▶ [Instructions to follow]: Retype, exactly and with nothing added, the lines from the one showing "Молодой футболист на белом фоне" through the final line of the material. Omit pictures.

Top of Provided material

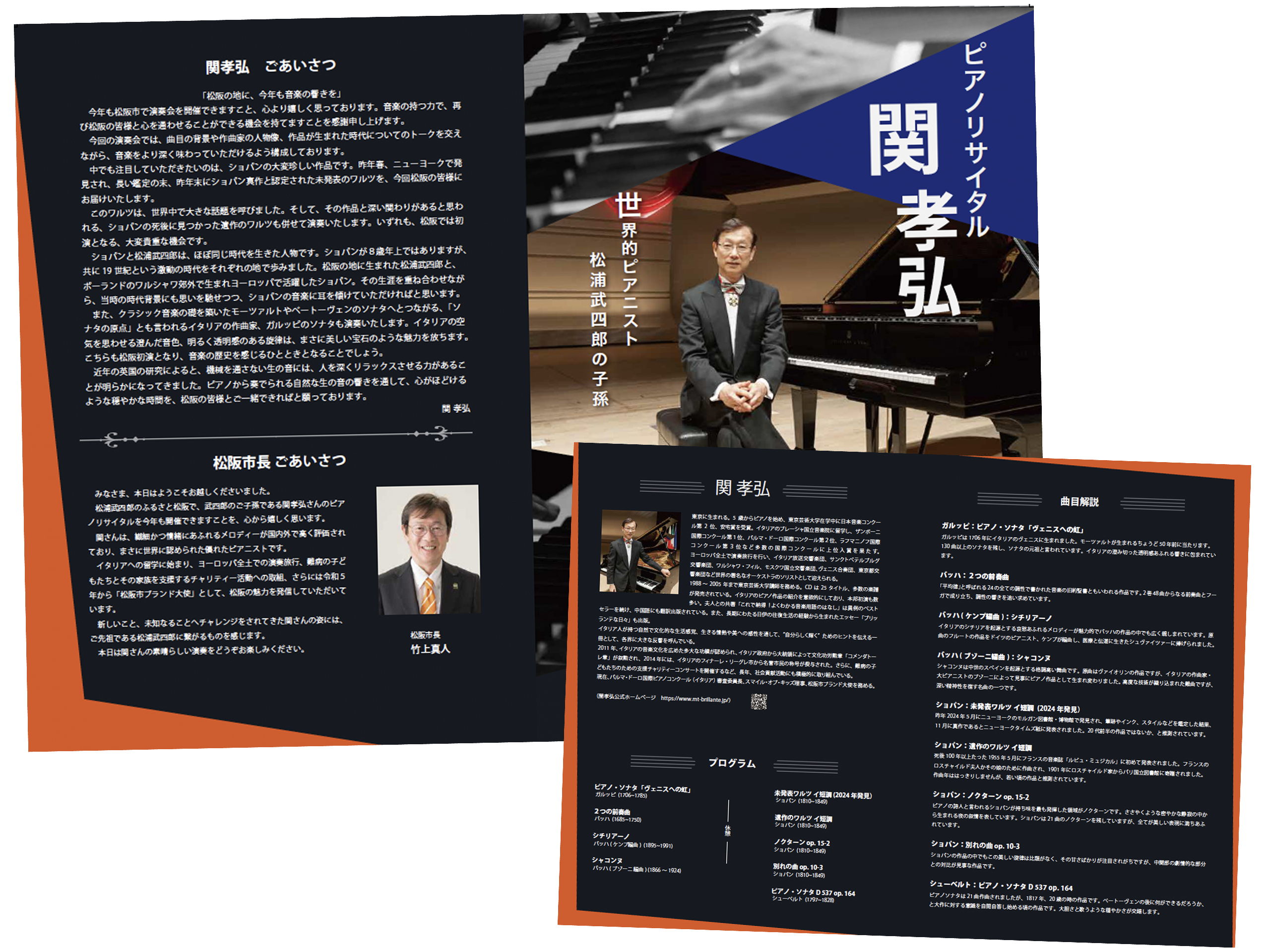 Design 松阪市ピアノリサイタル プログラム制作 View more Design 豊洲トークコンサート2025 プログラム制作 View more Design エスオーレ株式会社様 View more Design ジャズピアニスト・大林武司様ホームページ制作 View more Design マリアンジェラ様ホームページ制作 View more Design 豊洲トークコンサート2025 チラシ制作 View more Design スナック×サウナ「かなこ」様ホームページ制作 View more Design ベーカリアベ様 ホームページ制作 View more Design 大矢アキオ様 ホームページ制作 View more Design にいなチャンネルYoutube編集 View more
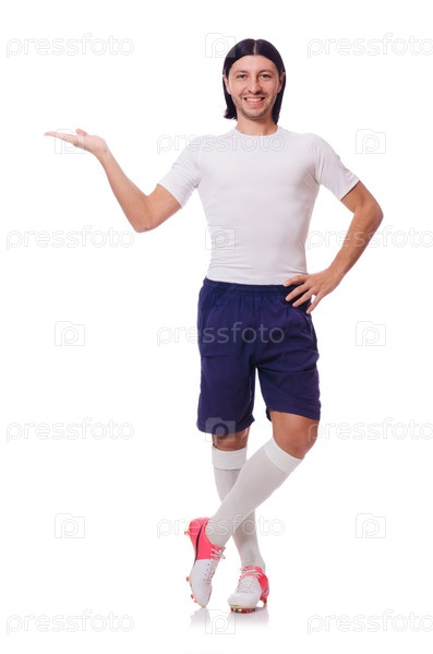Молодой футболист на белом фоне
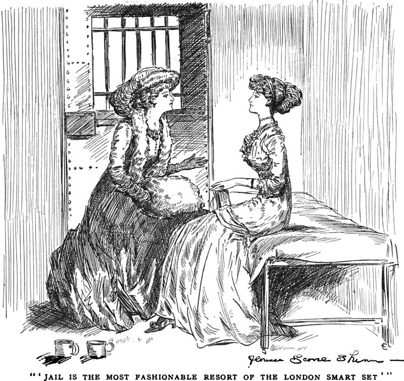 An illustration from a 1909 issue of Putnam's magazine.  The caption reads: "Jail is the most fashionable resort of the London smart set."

Bottom of Provided material

▶ [Reply to the exercise]:
Молодой футболист на белом фоне
 An illustration from a 1909 issue of Putnam's magazine.  The caption reads: "Jail is the most fashionable resort of the London smart set."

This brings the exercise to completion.